** Opening AVAILABLE RECORDS block **

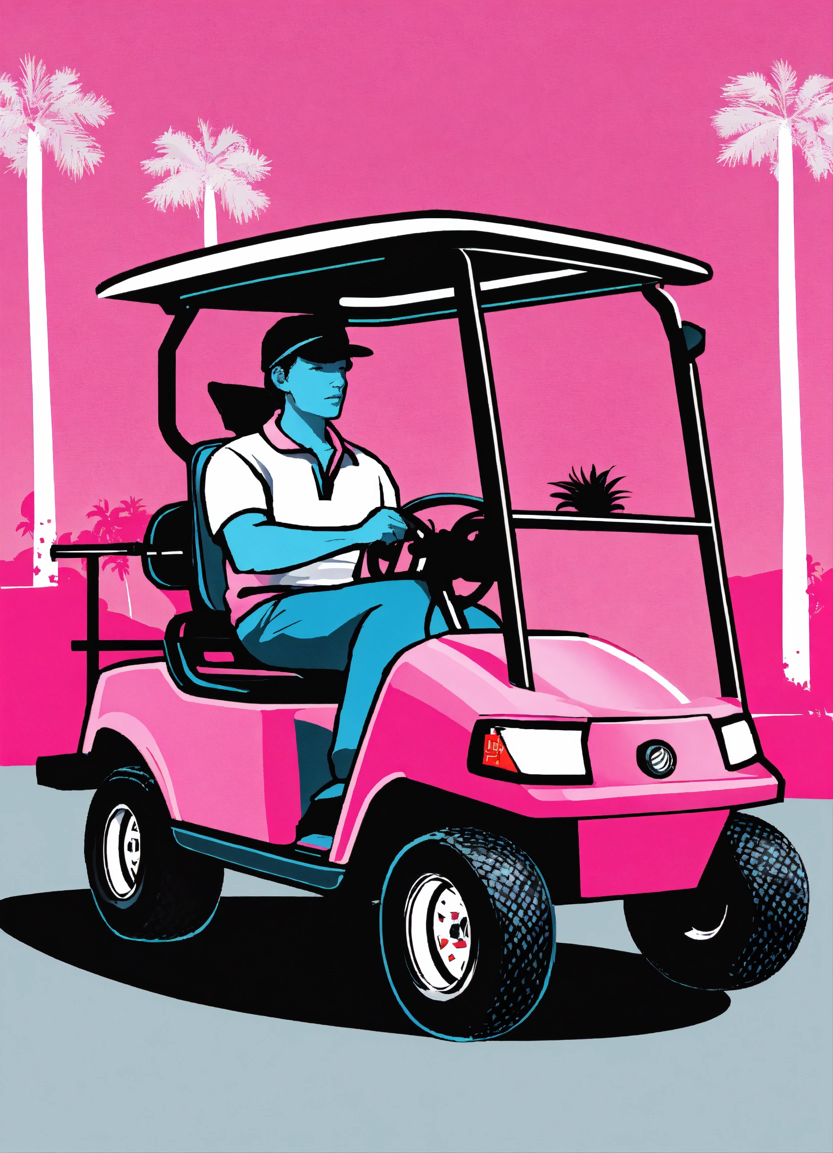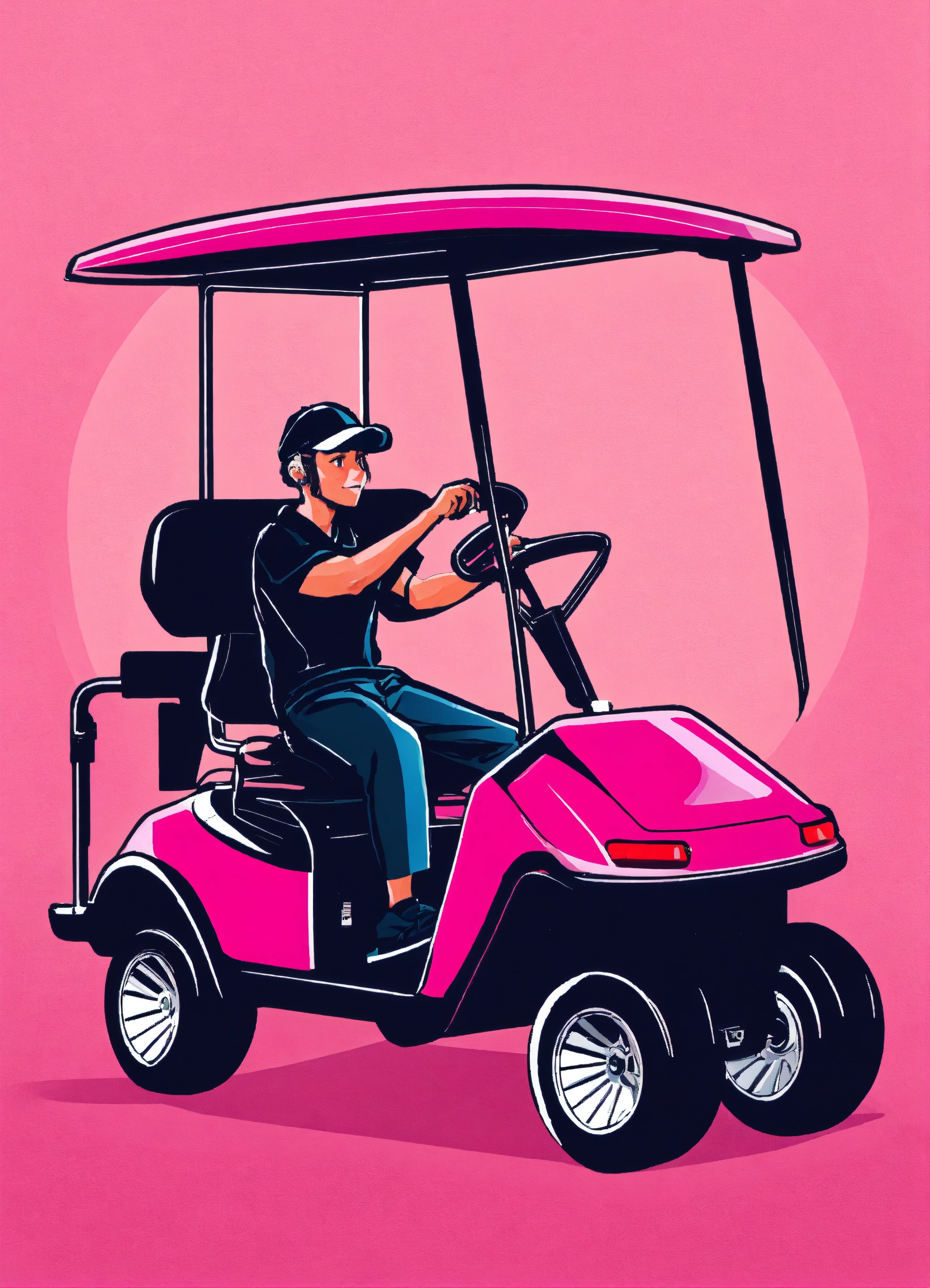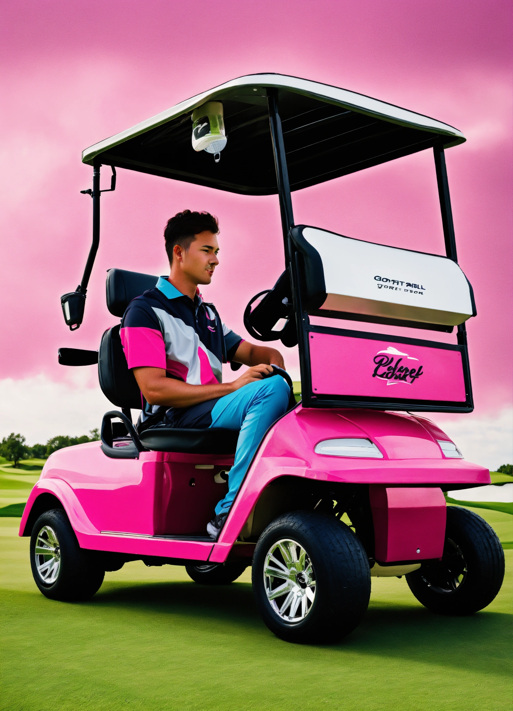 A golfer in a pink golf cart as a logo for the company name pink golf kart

** Closing AVAILABLE RECORDS block **
** Opening AVAILABLE RECORDS block **

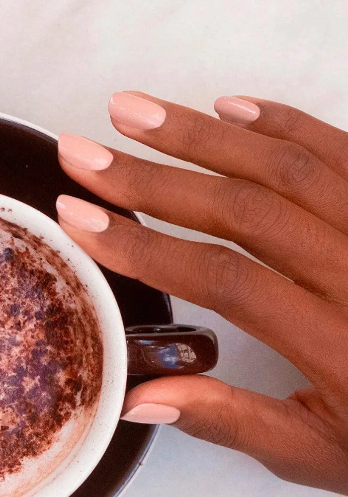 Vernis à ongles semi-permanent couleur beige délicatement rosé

** Closing AVAILABLE RECORDS block **
** Opening AVAILABLE RECORDS block **

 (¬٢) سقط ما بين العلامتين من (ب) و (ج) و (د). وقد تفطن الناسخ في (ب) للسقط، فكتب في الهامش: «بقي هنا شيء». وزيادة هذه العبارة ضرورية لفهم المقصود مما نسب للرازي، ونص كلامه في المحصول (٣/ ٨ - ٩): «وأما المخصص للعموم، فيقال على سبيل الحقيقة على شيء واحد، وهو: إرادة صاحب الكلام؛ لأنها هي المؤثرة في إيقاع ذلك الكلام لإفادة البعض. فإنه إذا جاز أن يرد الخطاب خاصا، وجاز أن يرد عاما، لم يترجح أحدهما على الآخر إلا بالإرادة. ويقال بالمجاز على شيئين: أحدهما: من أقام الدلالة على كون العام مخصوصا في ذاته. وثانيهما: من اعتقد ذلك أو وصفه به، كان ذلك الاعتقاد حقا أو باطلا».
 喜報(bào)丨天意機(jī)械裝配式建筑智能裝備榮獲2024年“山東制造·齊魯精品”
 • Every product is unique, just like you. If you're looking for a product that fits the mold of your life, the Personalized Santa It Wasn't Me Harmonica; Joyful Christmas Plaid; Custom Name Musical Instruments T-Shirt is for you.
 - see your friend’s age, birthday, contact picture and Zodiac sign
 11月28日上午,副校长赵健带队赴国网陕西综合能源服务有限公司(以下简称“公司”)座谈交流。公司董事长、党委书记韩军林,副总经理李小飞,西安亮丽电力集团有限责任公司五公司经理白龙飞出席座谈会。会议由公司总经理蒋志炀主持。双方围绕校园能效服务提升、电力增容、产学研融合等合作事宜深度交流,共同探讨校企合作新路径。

** Closing AVAILABLE RECORDS block **

## TASK PROMPT
Every line above with the string "your" in it needs to be copied.

## OUTPUT FOR THIS TASK
 • Every product is unique, just like you. If you're looking for a product that fits the mold of your life, the Personalized Santa It Wasn't Me Harmonica; Joyful Christmas Plaid; Custom Name Musical Instruments T-Shirt is for you.
 - see your friend’s age, birthday, contact picture and Zodiac sign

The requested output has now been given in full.